Afaik faster calculations only mean that someone would "take over the blockchain" by surprise. But its alterations to it would be easy to throw out if the takeover was done with malicious purpose: as simple as reverting to an earlier copy before the attack.

What this exposes is the weakness, and frankly silly idea, of having it decentralized and "mathematically guaranteed". It's a useless feature. A centralized database works. Trade itself depends on a legal framework that is centralized in government bodies. Without it bitcoin or any of its copycats is useless and unusable. The proof of that is in the fact that whet you use it now you do not hold a copy of the blockchain but deal with it through intermediaries: you depend on the centralized, state-managed court systems to enforce those contracts, not on the blockchain.

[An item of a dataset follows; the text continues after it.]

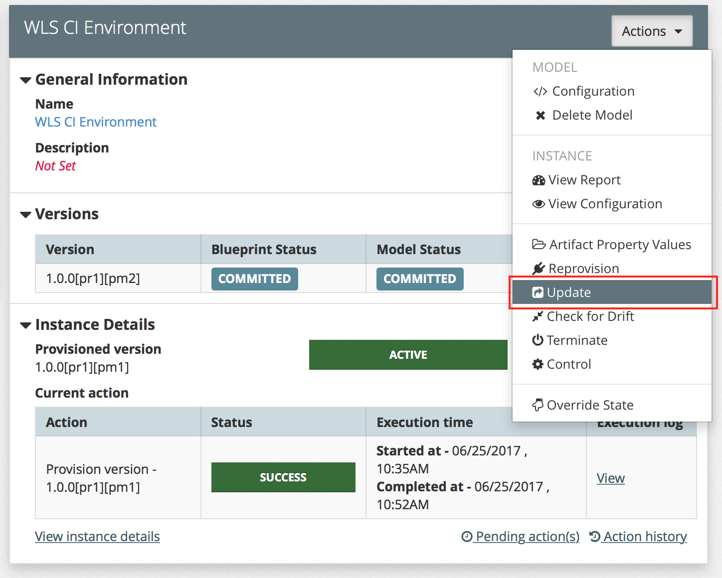 Firstly, we Update our environment with the new node details. This is an option under the Actions menu for our Platform Instance.

Hence the "decentralized" aspect used to sell the idea of the cryptocurrencies has already been thrown out. It just doesn't work for practical use, can't scale.
 
Afaik faster calculations only mean that someone would "take over the blockchain" by surprise.
The problem is more fundamental that a speed up. A problem that quantum computers are likely to be very good at is finding the prime factors of large numbers. Most modern encryption schemes, including those used to authorise transactions on the blockchain rely on people not being able to find these factors. If you can find the prime factors of a wallets key you can spend the money, and the whole system of trust falls apart.
The proof of that is in the fact that whet you use it now you do not hold a copy of the blockchain but deal with it through intermediaries: you depend on the centralized, state-managed court systems to enforce those contracts, not on the blockchain.
No, you really do not. Intermediaries really help for exchange, but multi sig wallets do solve the problem if you have a small amount of trust. Most crypto transactions have no recourse to the courts, or they would not be using crypto.